* _INSTRUCTIONS TO FOLLOW_:
Exact copies of all the lines below are needed, without the pictures.

[[ RECORDED INFORMATION, beginning ]]

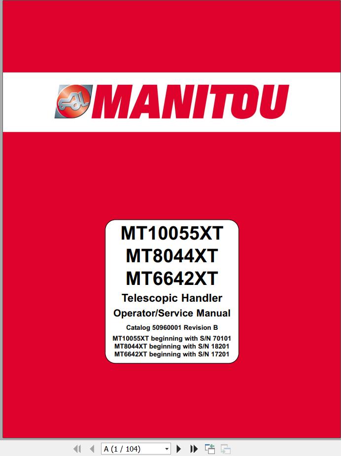 Manitou MT6642XT MT8044XT MT10055XT Operators & Service Manual 50960001 Rev.B
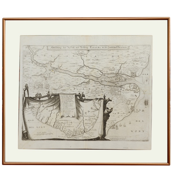 • MAPA BRASIL HOLANDÉS. Circa 1640.(ME). 33 x 37 cm (MI). 43 x 47 cm (ME).
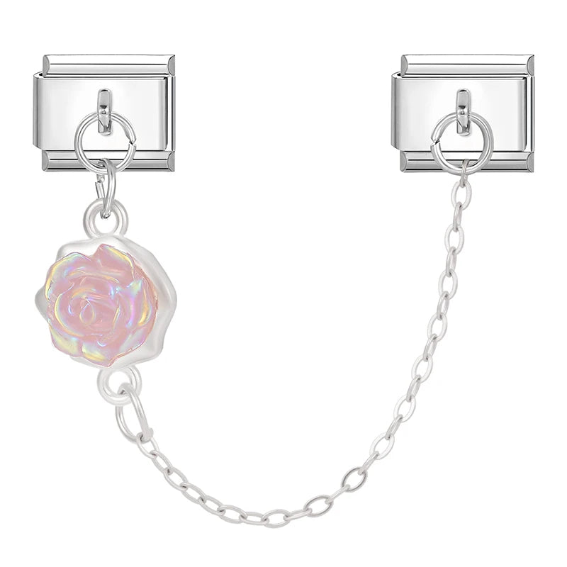 Stříbrný chain "Charm" z nerezové oceli s růžovou růží.
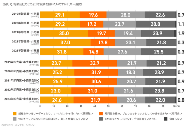 一方、「特にキャリアについての志向はなく、楽しく仕事をしていたい」が27.6%、「まだはっきりしておらず、今後決めていきたい」が25.5%と、それぞれ昨年より4.5ポイント、3.7ポイント増加する結果となりました。リーダー志向が高い傾向にあった卸売業・小売業の新入社員ですが、今年はキャリアについて明確な志向を持っていない割合が増加していることが特徴と言えるでしょう。(図4)

[[ RECORDED INFORMATION, end ]]

* _OUTPUT BELOW_:
 Manitou MT6642XT MT8044XT MT10055XT Operators & Service Manual 50960001 Rev.B
 • MAPA BRASIL HOLANDÉS. Circa 1640.(ME). 33 x 37 cm (MI). 43 x 47 cm (ME).
 Stříbrný chain "Charm" z nerezové oceli s růžovou růží.
 一方、「特にキャリアについての志向はなく、楽しく仕事をしていたい」が27.6%、「まだはっきりしておらず、今後決めていきたい」が25.5%と、それぞれ昨年より4.5ポイント、3.7ポイント増加する結果となりました。リーダー志向が高い傾向にあった卸売業・小売業の新入社員ですが、今年はキャリアについて明確な志向を持っていない割合が増加していることが特徴と言えるでしょう。(図4)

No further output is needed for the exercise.